Complimentary Coffee
BCYOB (bring chilled your own bottle, no corkage fee)
Seating is at 7:00 p.m.
Cost of the four-course dinner is $25 and includes all taxes and gratuities.

Sunday, July 19, 2009
Not Calorie Counting Here

Mushroom, artichoke heart, pesto and goat cheese pizza from Central Market. They never put enough stuff on so additional mushrooms, sauteed with garlic in butter, were added along with extra goat cheese, pesto sauce and parmesan cheese. If you are going to eat decadently you might as well go all the way.
How far is "all the way"? Dessert was Key Lime Pie Ice Cream (Susan) and Hot Fudge Sauce on Vanilla (me).
Saturday, May 16, 2009
New York City, Part Two

Usually the Porcupine Cakes are little miniatures, just right for the two of us to split. But sometimes they just have the large one, suitable for frenzied attack. That's why the refrigerator is important because when you want Porcupine Cake for breakfast too..... Diligent as Susan is with the camera, this cake was already whacked into before she decided to catch her breath and take the picture.
Inside is very light and fluffy chocoate mousse and whipped cream filling, the outside is crisp chocolate g-something, twisted up into little curls.
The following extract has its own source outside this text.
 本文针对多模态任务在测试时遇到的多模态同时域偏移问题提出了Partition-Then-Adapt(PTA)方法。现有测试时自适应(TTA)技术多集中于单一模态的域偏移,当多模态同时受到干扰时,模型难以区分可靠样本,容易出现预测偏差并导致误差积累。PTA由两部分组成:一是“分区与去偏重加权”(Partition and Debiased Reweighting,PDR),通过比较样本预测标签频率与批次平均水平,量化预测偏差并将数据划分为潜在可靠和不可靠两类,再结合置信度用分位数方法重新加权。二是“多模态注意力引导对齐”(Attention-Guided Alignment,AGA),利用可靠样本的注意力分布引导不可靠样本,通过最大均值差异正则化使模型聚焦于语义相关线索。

Silly as the cake looks, I like eating it, too, much to Susan's disappointment.
Was there anything else important we saw in New York City besides cake? Yes, but my Blog Wrangler is wandering off whining about missing her cake so you'll have to wait a day or so.
Tuesday, April 7, 2009
Indulging Yourself

"It's been a depressing winter, and there's nothing wrong with indulging yourself a little."
---- Ran Kivetz, a business professor at Columbia University, on people being so worried about saving money that they miss out on life's pleasures.
We went to the Round Top/Warrenton Antique/Flea Market a few days ago. Parking is always tough but we watch out for the Funnel Cake truck and park near there. The Market happens only twice a year and we don't go everytime but when we do, Susan MUST have a funnel cake. That's the only time she ever eats one. Yep, just as it looks like in the pictures below, cooked in an obscene amount of grease. Covered with powdered sugar. Eaten with fingers. This year the wind was blowing really hard so she anchored it down with the plastic knife. And then did her indulging. She didn't share and I didn't dare ask.
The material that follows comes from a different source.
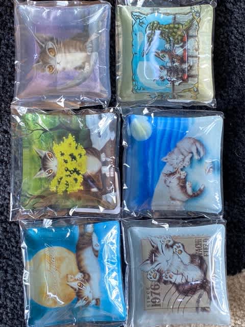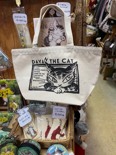 表面はミモザを抱えたダヤンの大きなプリント、裏面は同じを小柄に全面プリント。

Tuesday, December 30, 2008
Frisky Pop

Susan speaks:
My best gift from Don was my new "Frisky Pop".
Yeah, yeah, they call it something else but that's because they don't know any better. I'm a big popcorn fan and got real ticked off at Orville R when he changed the size of the microwave sacks down from 3.5 ounces to 3.3 ounces. And didn't tell me and definitely didn't lower the price. I KNOW he did this because when we make popcorn it always goes in the same special popcorn bowls, always up to the top edge with just enough room to stir in the salt and sugar. All of the sudden, the popcorn didn't go up to the top edge. Did Orville think I wouldn't notice? Does he think size doesn't matter when it comes to food? Who does he think he's fooling?
Sugar on your popcorn? Probably you should not do it because once you do, you'll never stop. Although popcorn is good for you (lots of fiber), sugar is not so good for you. But, as we are constantly under Homeland Security's Red/Orange/Yellow/Purple/Blue/Whatever alert, which we all know means "Eat dessert first", I say just go for it.
Now that I've had real popcorn, popped as I slowly whirled it in my "Frisky Pop", I'll never go back to microwave again. I had forgotten how good real popcorn tastes! It's sort of like the difference in taste between the tomato you bought in the store and the warm tomato you just picked off the vine and bit into.
[Nope, no affiliation with the Whirley-Pop makers. Don got mine at BedBathBeyond but they are about the same price at Amazon, where they have a very high review rating.]
Sunday, July 6, 2008
Susan Doesn't Like Fruit

Susan doesn't like fruit, especially not fruit juice. She firmly believes that 9 grapes meet the recommended 9 servings a day of fruit and vegetables. So I lure her into eating fruit by making her "designer" breakfasts every morning, which she will eat, as long as I don't try to sneak in prunes. At least she doesn't try to convince me that guacamole is a green vegetable.